I vantaggi sono molteplici. I materiali utilizzati, sono di natura soffice, dotati di una struttura molecolare composta da atomi di carbonio, simile a quella di un tessuto biologico. La sofficità favorisce l’adesione delle cellule al materiale, e quindi consente una migliore biocompatibilità. La fotostimolazione inoltre, avviene in regime fotovoltaico, senza applicare quindi nessun tipo di tensione dall’esterno, che a sua volta sarebbe causa di riscaldamento e di conseguente danneggiamento. Esiste inoltre il vantaggio del tipo di accoppiamento : i polimeri, messi a contatto con un tessuto biologico, garantiscono uno scambio dell’informazione tra i materiali ravvicinato ed efficace. Nelle protesi esistenti, lo stimolo di corrente viene creato con cariche che viaggiano prive di controllo, e che di conseguenza eccitano in modo non selettivo le cellule di altri strati retinali. Il nostro accoppiamento risulta meno dannoso perché le cariche elettriche non sono trasferite al mezzo biologico in modo incontrollato, ma accumulate all’interfaccia con le cellule a contatto con il materiale fotosensibile. Questo evita la presenza di fenomeni elettrochimici nel liquido biologico, in particolare la formazione di reazioni di ossido riduzione che a lungo andare danneggiano sia le protesi sia i tessuti biologici. Un ulteriore notevole vantaggio è quello di una potenziale, maggiore acuità visiva: gli impianti retinici che esistono attualmente non riescono purtroppo a garantire una adeguata risoluzione spaziale, che consenta al non vedente la possibilità di navigare in modo autonomo in un ambiente esterno. Tale restrizione risiede nel limitato numero di elettrodi che è attualmente possibile installare in una protesi artificiale a base inorganica. Nel caso dell’interfaccia bio-polimerica, il numero di ‘pixels’ sarebbe invece limitato dalla sola adesione delle cellule al substrato fotosensibile, garantendo una risoluzione spaziale nettamente migliore.

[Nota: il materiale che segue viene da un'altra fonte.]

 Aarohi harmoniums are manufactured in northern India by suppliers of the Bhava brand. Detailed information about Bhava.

Quali sono i problemi che la vostra ricerca sta affrontando ?
Al momento stiamo testando approfonditamente la biocompatibilità, l’efficienza e la durata dei materiali organici e dei substrati plastici utilizzabili per la protesi retinica artificiale. Inoltre, la dimostrazione di principio è stata effettuata su cellule neuronali coltivate in-vitro: ci stiamo ora muovendo verso l’utilizzo di cellule retiniche, mediante espianti retinici, e i tests di impianti in-vivo.

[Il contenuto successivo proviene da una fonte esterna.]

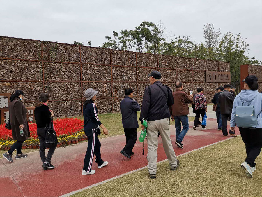 下午,老教师一行前往“网红”打卡地——汤山矿坑公园,老师们笑着说他们也学年轻人去赶个时髦打个卡。汤山矿坑公园是在原有的废弃采石宕口的基础上进行修复改造的,有几个年纪特别大的老师由于身体的原因没有爬山,选择在旁边的湿地湖泊区小憩,大部分的老教师还是健步去往公园的高处,踏上弧形空中走廊,远眺公园全景。
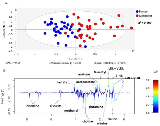 The validated OPLS-DA model enabled identification of the metabolite resonances responsible for the separation of serum samples from the two groups of patients through the analysis of the model weight loadings and VIP parameter. Only the signals corresponding to VIP values > 1 were considered as having a significant impact on group separation. This criterion was fulfilled for histidine, glucose, methanol, choline, glutamine, alanine, valine, lactate, acetoacetate, acetone, LDL + VLDL, 3-hydrobutyrate, N-acetyl functional group and lipids functional groups (Figure 2 and Figure 3). Interestingly, the corresponding loading weights revealed that several metabolites were differently increased in serum from patients with malignant tumors compared to benign neoplasms. Therefore, an increase in histidine, glucose, methanol, choline, glutamine, alanine and valine was found in serum from patients with benign neoplasms, whereas patients with malignant tumors presented increased serum values in lactate, acetoacetate, acetone, LDL + VLDL, 3-hydrobutyrate as well as N-acetyl functional group and lipids functional groups (Figure 2B and Figure 3B).
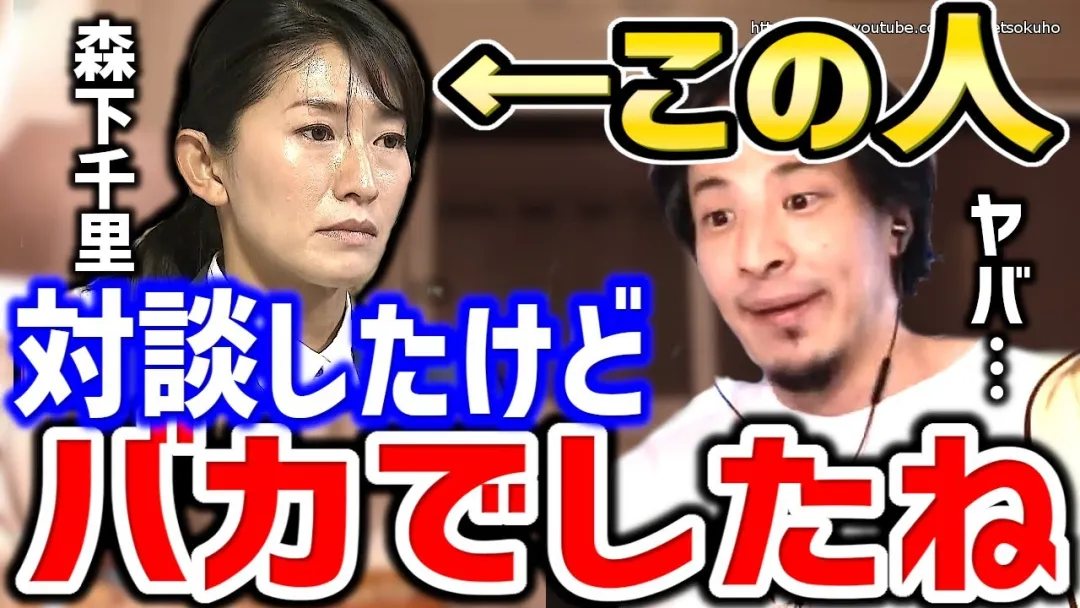 “啊,对了,我想起来了!当西村博之问森下千里粮食自给率是什么意思时,她竟然说什么“希望国民多吃国产的东西”之类完全说不清楚的话,简直是笨得一目了然!担任要职的森下千里,作为艺人出身的议员真的没必要!被西村博之揭露出的“知识不足”,让国民对她产生不信任。”

“L’uso di polimeri organici e biocompatibili permette una duttilità ed una naturalezza di interazione con i tessuti del corpo umano ben più elevate di quelle garantite dal silicio. Tuttavia, se per le celle fotovoltaiche di terza generazione è ipotizzabile un’applicazione pratica in tempi relativamente brevi, per quanto riguarda la retina artificiale arrivare a risultati che vadano oltre la ricerca di base richiederà tempi più lunghi. ”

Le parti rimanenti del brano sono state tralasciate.